Task to carry out: The answer consists only of the lines from the beginning of the listing below to the line holding "Ukjent Merke vandresko", inclusive, with every picture removed.

Dataset excerpt:
---*---

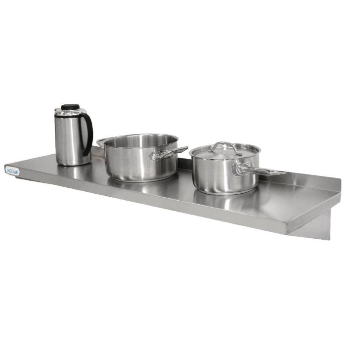 Extra robust shelf that will take up to 50kg - ideal for pots, pans, containers and utensils. 1.2mm thick satin polished finish. Upstand along rear edge. Pots in image sold separately.
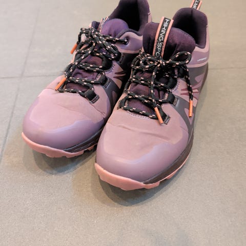Ukjent Merke vandresko i størrelse 39, beige farge. Skoene har en tekstiloverflate med snøring og en gummisåle. Designet for fottur og utendørs bruk.
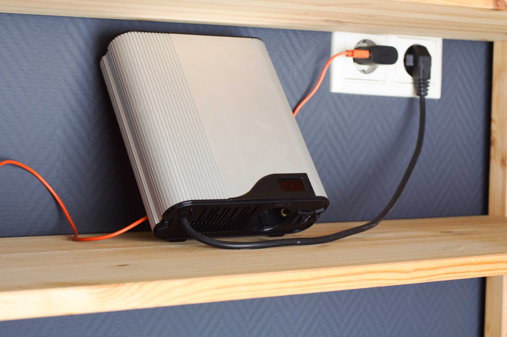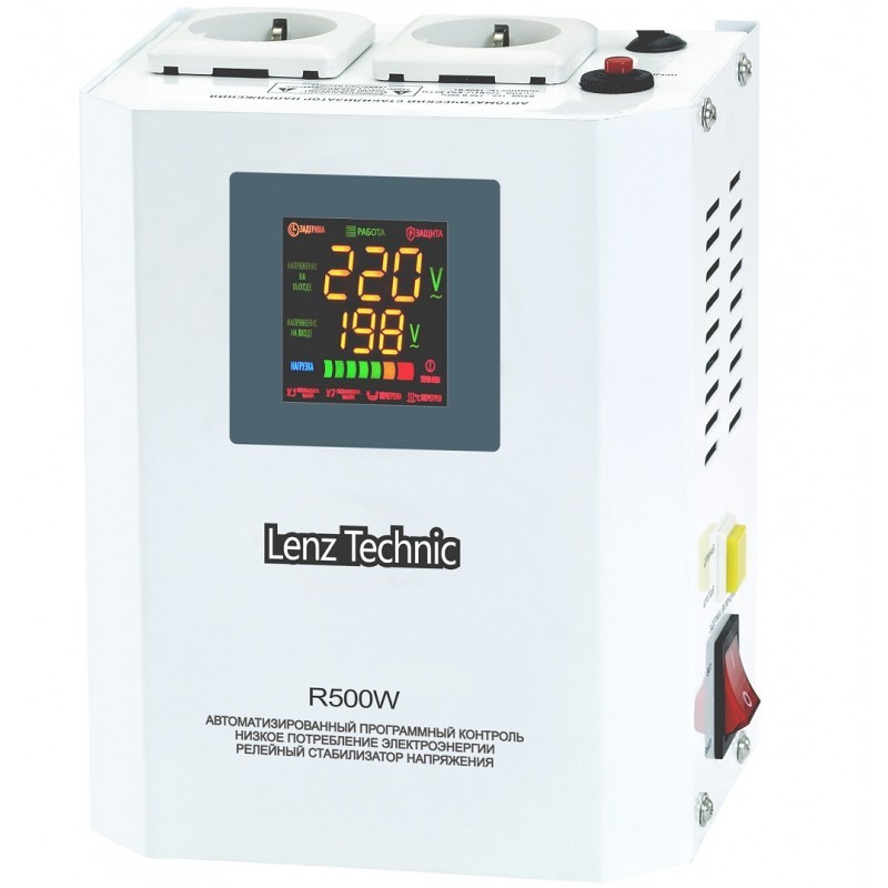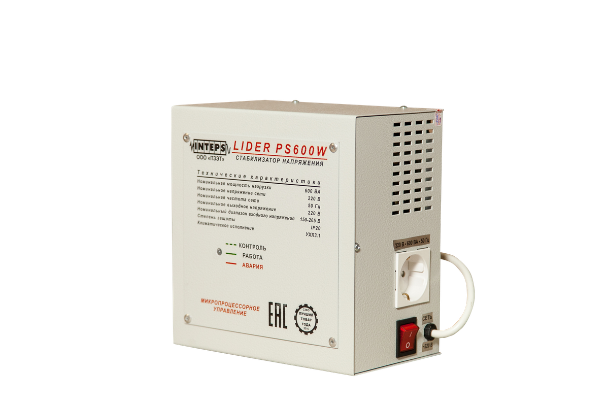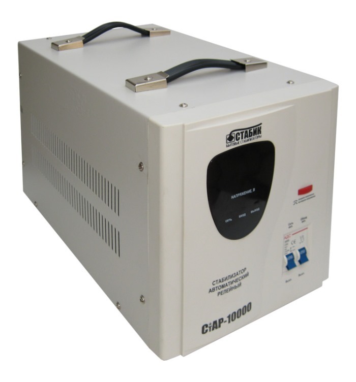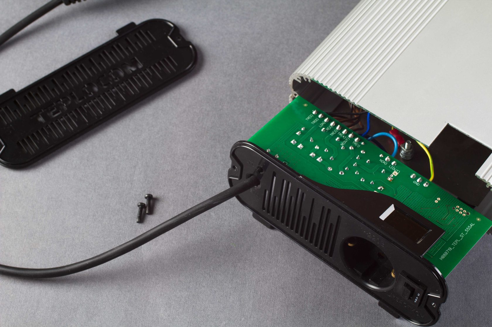 Стабилизатор состоит из корпуса, платы управления, тороидального трансформатора на 220 или 555 ВА (именно его габариты меняются), интегрированной в корпус розетки и сетевого шнура. Из внешних компонентов — экран, на котором отображается напряжение в сети, а также обязательные вентиляционные отверстия в корпусе — для охлаждения электроники.

---*---

Solution to this problem:
 Extra robust shelf that will take up to 50kg - ideal for pots, pans, containers and utensils. 1.2mm thick satin polished finish. Upstand along rear edge. Pots in image sold separately.
Ukjent Merke vandresko i størrelse 39, beige farge. Skoene har en tekstiloverflate med snøring og en gummisåle. Designet for fottur og utendørs bruk.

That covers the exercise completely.